ML Ops with GitHub Actions, DagsHub and AWS EC2 Instance

DagsHub + Actions + EC2

This repository can be used for easily setting up a data science or machine learning project with automated training and deployment using GitHub Actions, DagsHub and AWS EC2.

Main Concepts Covered

The following concepts are automatically performed using Github Actions and DagsHub.

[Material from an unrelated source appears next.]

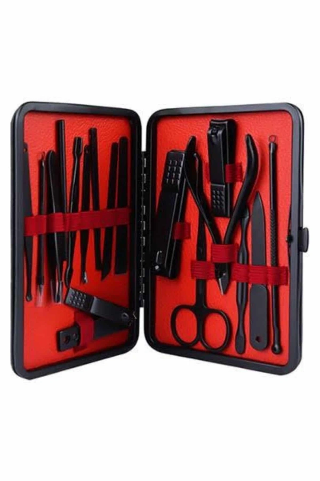 17 parça manikür pedikür seti, hem el hem de ayak bakımı için ihtiyaç duyacağınız tüm malzemeleri içerir. Paslanmaz çelikten üretilmiş olan set, dayanıklılık ve uzun ömür sağlar, ayrıca güvenli sterilizasyon olanağı sunar. Yeni nesil siyah kaymaz parlatma teknolojisi ile keskinlik artırılmış olup, es ve kullanım kolaylığı sağlar.Paslanmaz Çelik ve Yüksek Kalite:Tüm ürün parçaları, %100 paslanmaz çelikten üretilmiştir. Bu malzeme, sağlamlık ve dayanıklılık sağlar, korozyona karşı direnç gösterir ve enfeksiyon riskini minimize eder. Keskin ve düzgün kesimler yak, tırnak bakımını profesyonel seviyeye taşır.Şık ve Taşınabilir Deri Çanta:Set, şık bir deri kaplama çanta ile birlikte gelir. Fermuarla kolayca açılıp kapanabilen bu çanta, tüm aletleri düzenli tutar ve taşımasını kolaylaştırır. Hafifliği sayesinde, seti her gün çantanızda taşıyabilir veya seyahatlerde yanınıza alabilirsiniz.Kapsamlı Bakım Seti:Bu set, el ve ayak bakımının her aşamasını kolaylaştıran birçok araca sahiptir. İçeriğinde büyük ve küçük tırnak makasları, sivri uçlu tırnak makası, çift uçlu komedon, törpü, et ittirici, pedikür bıçakları ve daha birçok kullanışlı alet bulunur. Bu araçlarla tırnak bakımınızı profesyonel seviyeye çıkarabilirsiniz.Sağlık ve Temizlik:Ürünler, kolayca temizlenebilir ve sterilize edilebilir özelliklere sahiptir. Bu da hijyen açısından büyük önem taşır, çünkü enfeksiyon riskini en aza indirir. Paslanmaz çelik yapısı, uzun süreli kullanımda bile dayanıklılığını korur.Paket İçeriği: 1 adet büyük tırnak makası 1 adet küçük tırnak makası 1 adet sivri uç tırnak makası 1 adet çift uçlu komedon 1 adet törpü 1 adet et ittirici 1 adet çift taraflı tırnak kaldırma aleti 1 adet makas 1 adet pedikür bıçağı 1 adet çarpraz pedikür bıçağı 1 adet kavisli pedikür bıçağı 1 adet V şeklinde et itme 1 adet itme çubuğu 1 adet tırnak temizleme 1 adet cımbız 1 adet iğneli komedon 1 adet kulak temizlemeÖzellikler: Yüksek kaliteli paslanmaz çelik malzeme Şık ve taşıması kolay deri çanta Kolay sterilizasyon ve temizlik Tırnak bakımında profesyonel sonuçlar Seyahat dostu, taşınabilir yapı

  • Automatically pull and process data from Github using Pandas and Python.
  • Train your model and track experiment with MLFlow and SKlearn.
  • Validate the model and save the serialized model and metadata to DVC on DagsHub.
  • Deploy your model to AWS EC2 instance.
  • Monitor the metrics with MLFlow.
  • Retrain if necessary.

MLOps Workflow

Getting started

1. Prerequisites

Platforms

The following prerequisites are required to make this repository work:

Other ressources

  • Python 3.9.1
  • DVC 2.11
  • You can find all the additional information in the requirements.txt file

Main Components of Github Actions

GitHub Actions contains five main components as shown below.

GitHub Actions Components

Results On DagsHub

DagsHub provides the capabilities to use MLFlow and DVC while giving the choice of working on Github. The following results are the experiments from DagsHub, using MLFlow to track the model F1-Score, Precision and Recall.

Experiment on DagsHub

Github Actions Experiment

The following animation corresponds to the execution of the pipeline using Github Actions from Data Extraction to Model Training.

Github Actions Experiment

Test App deployed on EC2

This is the final result after the model is deployed into productiion.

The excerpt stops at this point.